Data Science for Social Good applies machine learning, graph mining and text mining techniques for social good. Examples include smart meter data mining to save energy, social network mining to characterize public health, and educational data mining to promote gender equity in science and engineering
Data Stream Management • Social media streams and sensor measurements are continuously generated over time. Thus, as well as volume, we must deal with data velocity, which motivates new techniques for real-time processing of streaming data. We are investigating new scheduling algorithms for data-intensive streaming tasks and new read and write optimized data structures for storing real-time and historical data.
Graphflow is an in-memory graph database we are building from scratch for evaluating both one-time and continuous queries. We study topics on fundamental components of graph databases such as storage, query optimization, query processing, and triggers, building each component from scratch.
HiCAL • High-Recall Retrieval with Continuous Active Learning™ is an open-source project that facilitates the efficient identification of all or nearly all relevant documents in a corpus. Hi-CAL™ allows users to judge documents as fast as possible with no perceptible interface lag.

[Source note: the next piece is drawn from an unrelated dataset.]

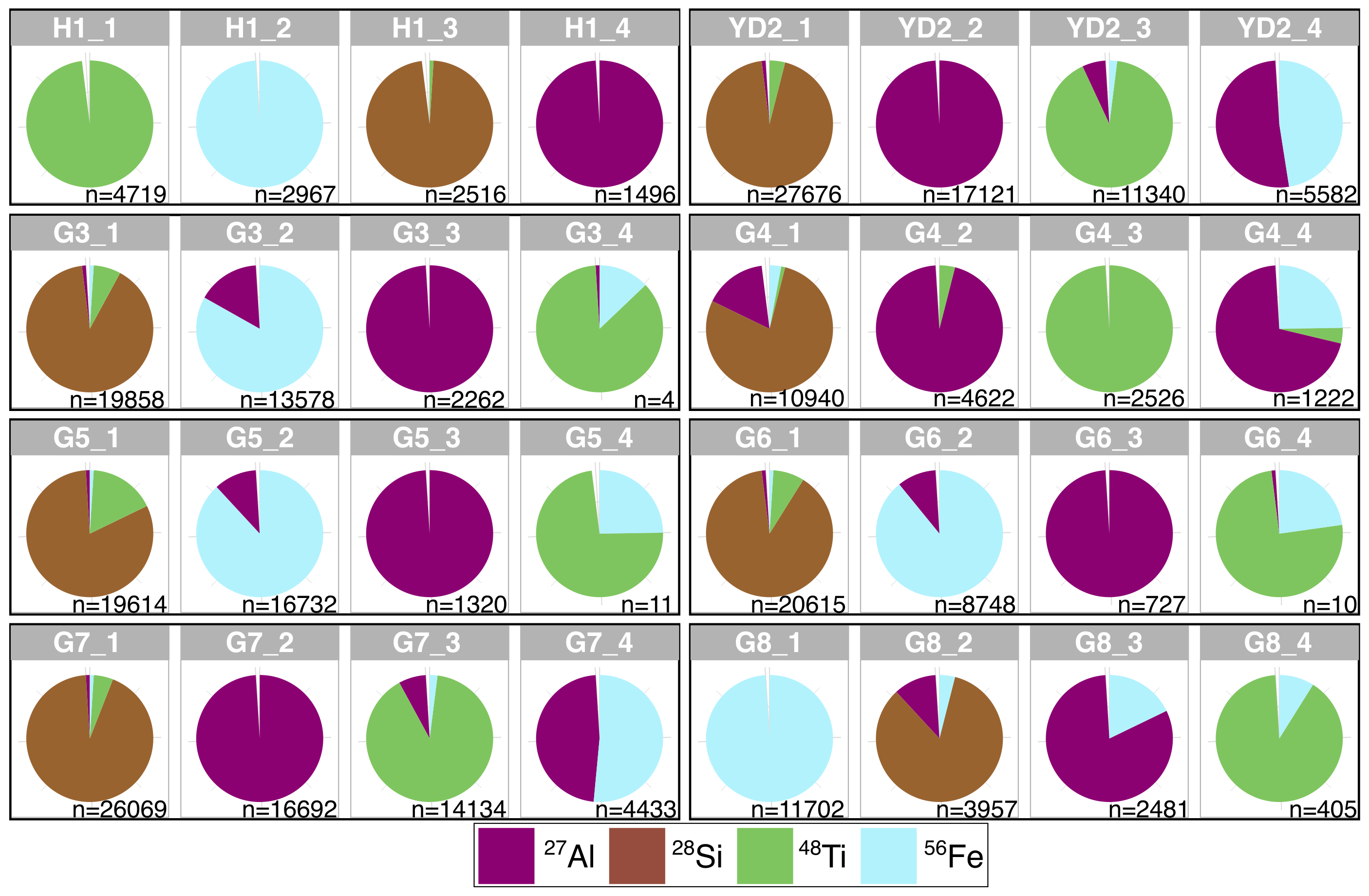 Figure 4The four most abundant elemental compositions (“clusters”) per SP by mass containing 27Al, 28Si, 48Ti, and 56Fe. The sub-plot title indicates the sample and the cluster in order of decreasing abundance; n indicates the number of particles with the displayed composition and the fraction in the chart represents the relative abundance of each element. Due to rounding, values do not always sum up to 100 %.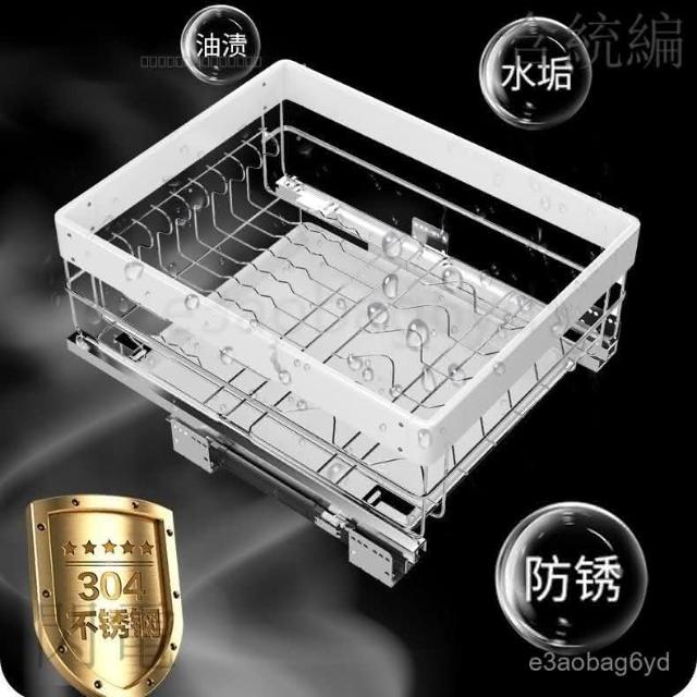 熱銷 拉籃櫥櫃 收納櫃 抽屜櫃 304不銹鋼拉籃廚房櫥櫃窄迷你小櫃子抽屜式開門雙三層碗碟盤拉藍

HoloClean is a statistical inference engine to impute, clean, and enrich data. As a weakly supervised machine learning system, HoloClean leverages available quality rules, value correlations, reference data, and other signals to build a probabilistic model that captures the data generation process, and uses the model in a variety of data curation tasks.
S-graffito • Streaming Graph Processing at Scale: Real-world graphs like product networks of online retailers or communication networks of ISPs are highly dynamic — the edges are streaming at a high rate. As the name suggests, S-graffito is a Streaming Graph Management System that aims to employ a variety of creative solutions to manage these Internet-scale streaming graphs.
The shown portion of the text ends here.